# Classical music things to do in Rome Italy?



## Manok (Aug 29, 2011)

I want to convince my brother to do something classical music related, but honestly my knowledge of actual Italian composers is limited to,Monteverdi, Vivaldi, Rossini, and Verdi, and I don't know much about any of them, is there something we could do classical music wise when there?


----------



## Giordano (Aug 10, 2014)

Look up concerts & operas and attend some... I guess.


----------



## science (Oct 14, 2010)

Go to the Sunday mass at St. Anselmo's for the Gregorian chant.


----------



## Badinerie (May 3, 2008)

Do the Tosca Trail tour.
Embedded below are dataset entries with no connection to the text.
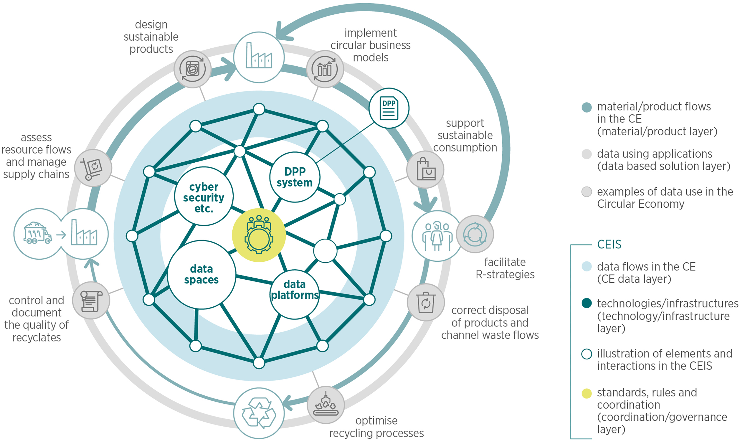 The Circular Economy Information Ecosystem (CEIS) is at the centre of this development. It describes the entirety of all digital technologies, infrastructures, processes and stakeholders necessary for a data-based circular economy – including the required standards, rules and coordination mechanisms.
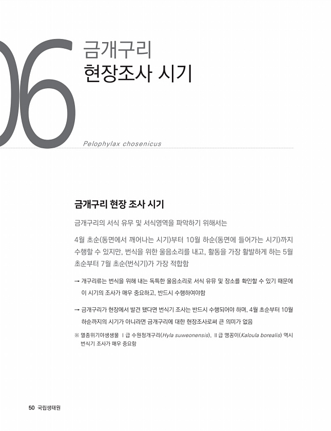 금개구리 현장 조사 시기 금개구리의 서식 유무 및 서식영역을 파악하기 위해서는 4월 초순 동면에서 깨어나는 시기 부터 10월 하순 동면에 들어가는 시기 까지 수행할 수 있지만, 번식을 위한 울음소리를 내고, 활동을 가장 활발하게 하는 5월 초순부터 7월 초순 번식기 가 가장 적합함 → 개구리류는 번식을 위해 내는 독특한 울음소리로 서식 유뮤 및 장소를 확인할 수 있기 때문에 이 시기의 조사가 매우 중요하고, 반드시 수행하여야함 → 금개구리가 현장에서 발견 됐다면 번식기 조사는 반드시 수행되어야 하며, 4월 초순부터 10월 하순까지의 시기가 아니라면 금개구리에 대한 현장조사로써 큰 의미가 없음 ※ 멸종위기야생생물 Ⅰ급 수원청개구리 Hyla suweonensis , Ⅱ급 맹꽁이 Kaloula borealis 역...
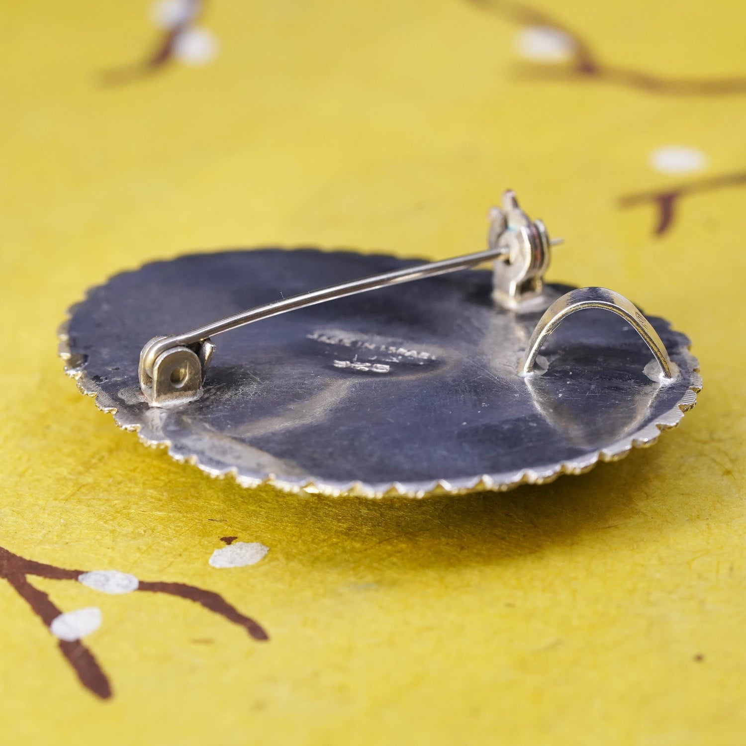 Vintage antique Israel handmade sterling 925 silver butterfly pendant brooch with turquoise, stamped sterling Israel
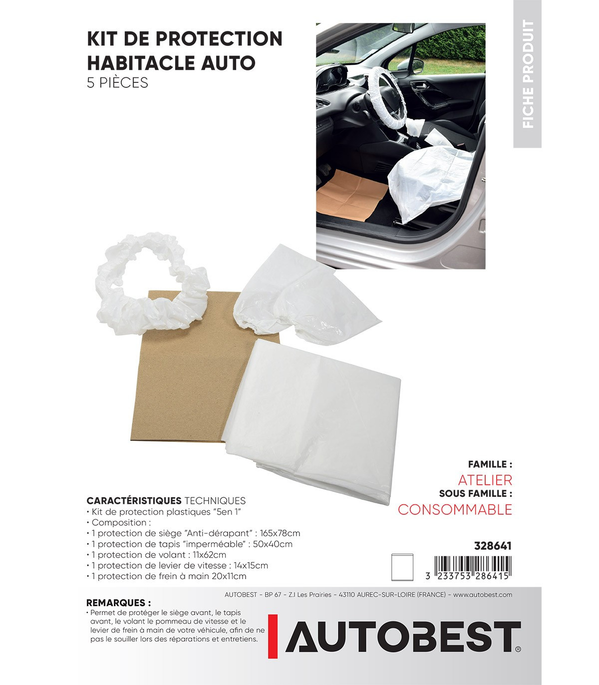 Permet de protéger le siège avant, le tapis avant, le volant le pommeau de vitesse et le levier de frein à main de votre véhicule, afin de ne pas le souiller lors des réparations et entretiens.
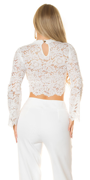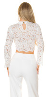 Spitzentop mit eingearbeiteten Cups und langen Ärmeln, weiß. Einheitsgröße ca. S - L.
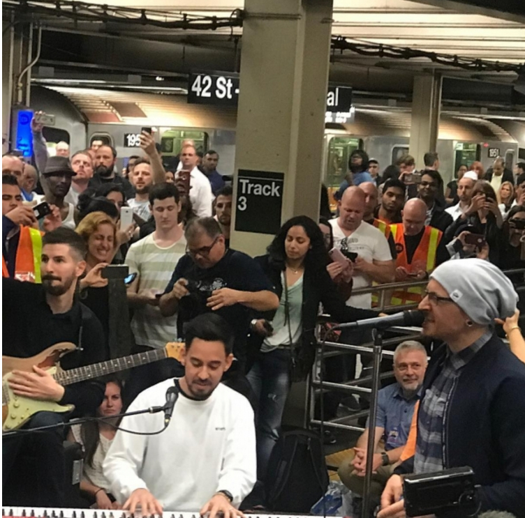 非常值得收藏的一个视频,LP在纽约参加一个电视节目,在地铁站里露天表演,与粉丝零距离。
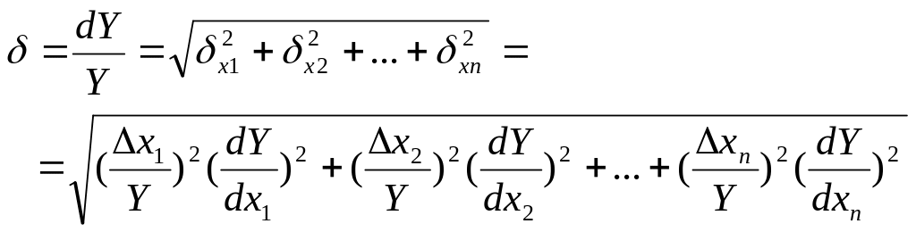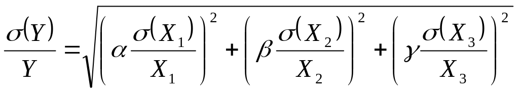Если измеряемая величина Y является функцией нескольких переменных Y= f( ), то абсолютная погрешность результата косвенных измерений будет равна
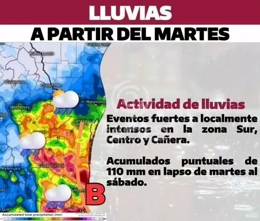 Ciudad Victoria, Tamaulipas .- La Coordinación Estatal de Protección Civil informa, que derivado de una zona de inestabilidad tropical procedente del Golfo de México, ocasionará un periodo de lluvias en el estado de Tamaulipas durante el periodo comprendido del martes 7 al sábado 11 de octubre de 2025, según lo dio a conocer el titular de la dependencia Luis Gerardo González de la Fuente.
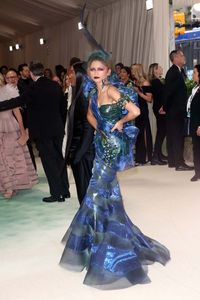 圧巻のルックを披露したのは、今年の共同ホストを務めたゼンデイヤ。なんと一晩に3ルックで登場した。レッド(今年はガーデンがモチーフの白と緑色)カーペットで2度のお色直し。ガラのイベントが始まったあとも着替えたのだが、そのいずれも絶賛の嵐!最初のルックは、ジョン・ガリアーノによるメゾン・マルジェラ。1999年のディオールのドレスをベースにカスタムされたものだそう。ドレスコードのインスピレーションになったバラードの小説は、ディストピアを描いているため、ゴシックにまとめたカラーパレットやヘアメイクも、ドレスコードの芯をついている。
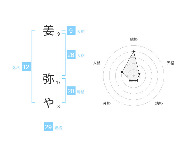 姜 弥やさんの総格は29画の4点!
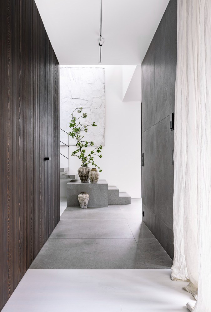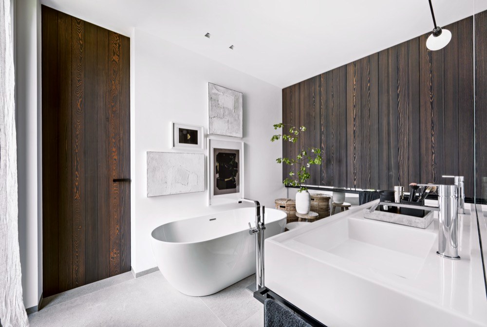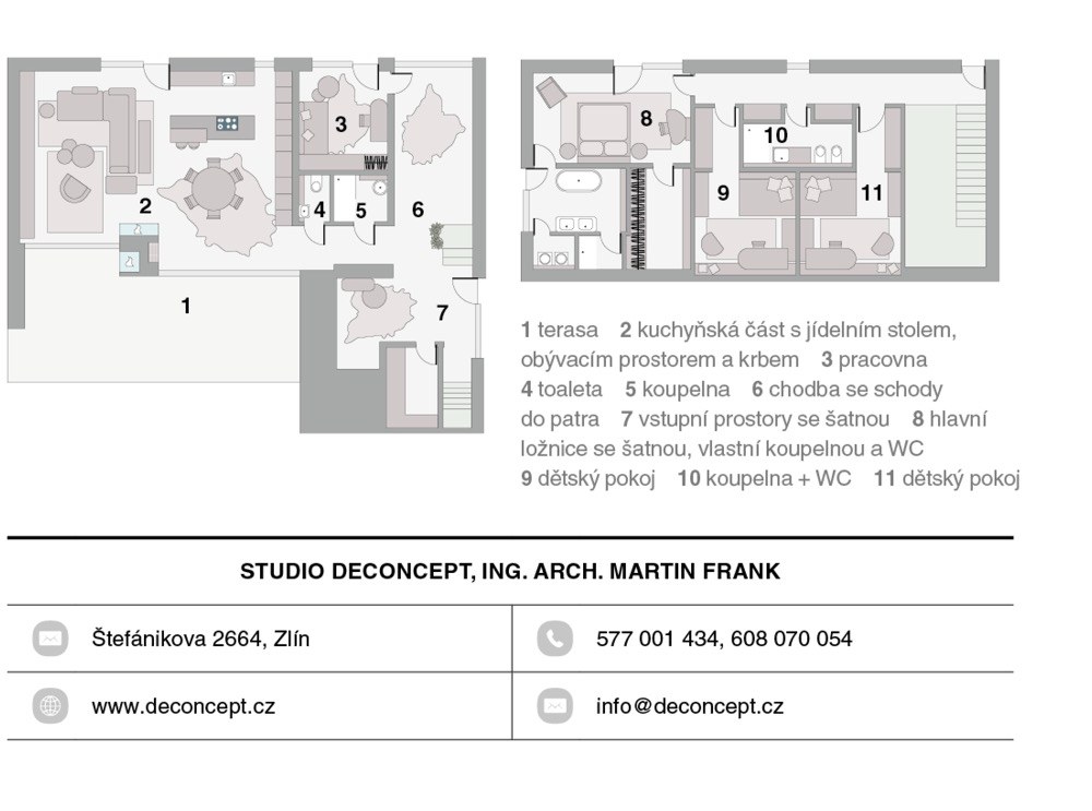 „Dřevěný obklad nebyl v mém podvědomí navržený náhodně na různých místech domu. Byly z něj vytvořeny kubické tvary shodné a ve stejné barevnosti, jakými disponuje sám dům. Exteriér se tvarově i barevně promítá do interiéru, ovšem záměrně v jiném materiálu, který si přináší z vnějšího prostředí kůry stromů. Kubické tvary modřínového obkladu jsou vloženy do bílé hmoty interiéru,“ komentuje své dílo architekt Martin Frank ze studia Deconcept, který vyladí vaše domovy až do úplného finále. Nabízí svým klientům celistvý koncept dotažený do posledního detailu včetně stylingu. Jde svou vlastní cestou a přináší vize odrážející mnoho vlivů z všedního života. Ve výsledku vám namíchá chutný koktejl stylového domova, který bude nadčasový, funkční, příjemně ležérní, uvolněný a pohodlný.

Three places to visit where each act was scripted to take place.

1,Sant'Andrea della Valle.
2,Palazzo Farnese
3,Castel Sant' Angelo


----------



## joen_cph (Jan 17, 2010)

Don´t remember how it is in Rome, but avoid some of the routinely "classical highlights" church concerts that are offered by people in historical costumes, consisting of a few well-known pieces and movements mainly from the Baroque era, often offered in Italian cities, even with several identical concerts on a daily basis; they tend to be overpriced and the performances are just lazy work. 

Once tried it when family members bought tickets ... and besides what has already been mentioned, the solo violin was horribly out of tune too, in Vivaldi ...
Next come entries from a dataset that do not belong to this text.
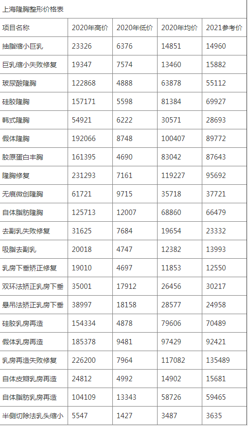 下面小编就来为大家分享一下上海隆胸整形价格:
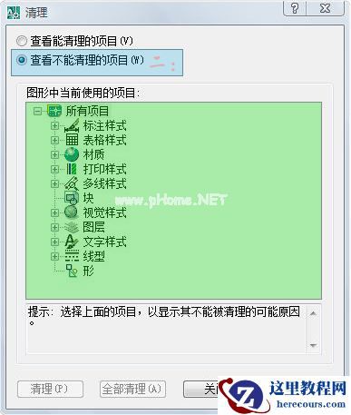 列出不能从图形中删除的命名对象。 这些对象的大部分在图形中当前使用,或为不能删除的默认项目。 当选择单个命名对象时,树状视图下方将显示不能清理该项目的原因。
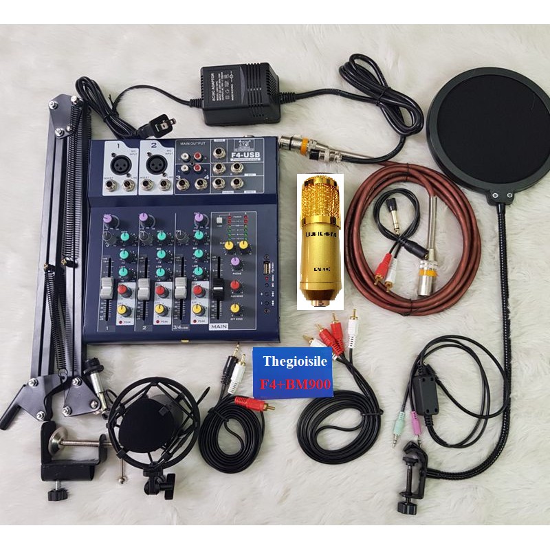 Thiết Bị Âm Thanh > Amply và đầu chỉnh âm || [Mã 44ELSALE2 giảm 7% đơn 300K] Combo Mic thu âm BM900 + Soundcard Mixer F4 FULL phụ kiệnCòn hàng
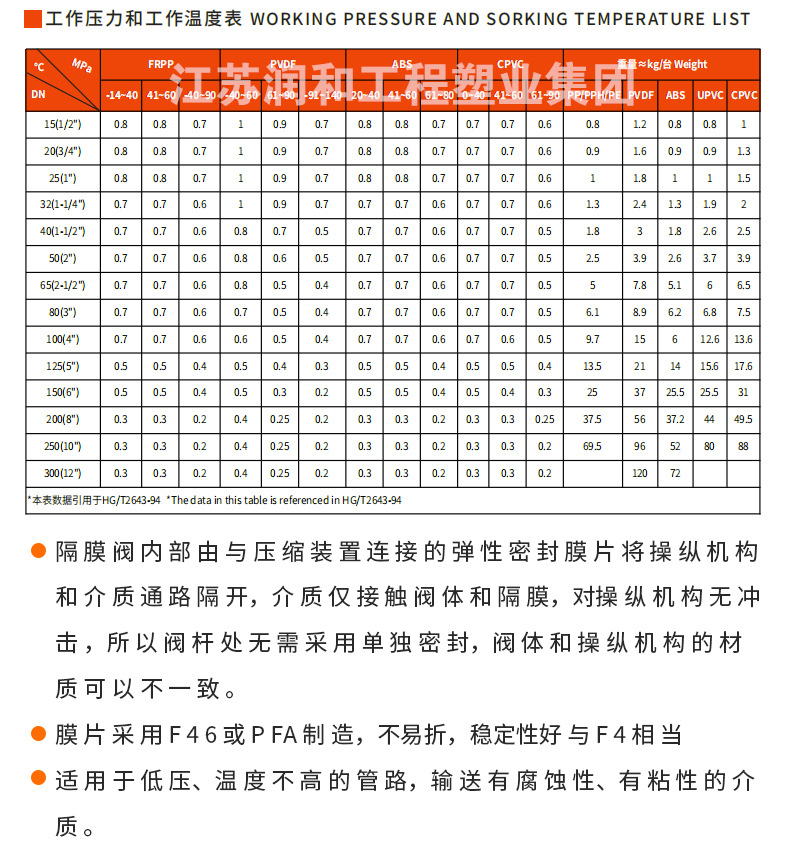 江苏金年会工程塑业有限公司主要生产工程化工FRPP管材、PPH管材、PVDF管材防腐管阀件,三通、弯头、法兰、直接、垫环、盲板、钢塑法兰、内丝外丝、管帽以及化工喷淋塔、洗涤塔、废气处理等设备。阀门类:法兰隔膜阀、法兰球阀、手柄蝶阀、涡轮蝶阀、双由令球阀、法兰截止阀、法兰底阀、升降式止回阀、旋启式止回阀、热熔止回阀、板式止回阀、呼吸阀、氟胶蝶阀、玻璃视镜、Y型过滤器、活接、液面计、四通视镜、阻火器、安全阀、背压阀等 咨询电话:17749553660

Go for one-time concerts in stead. And the walk mentioned above sounds interesting too.


----------



## Balthazar (Aug 30, 2014)

Badinerie said:


> Do the Tosca Trail tour. Three places to visit where each act was scripted to take place.
> 
> 1,Sant'Andrea della Valle.
> 2,Palazzo Farnese
> 3,Castel Sant' Angelo


This. I got such a kick out of going to Sant'Andrea della Valle my first trip to Rome. It looks just like the opera!


----------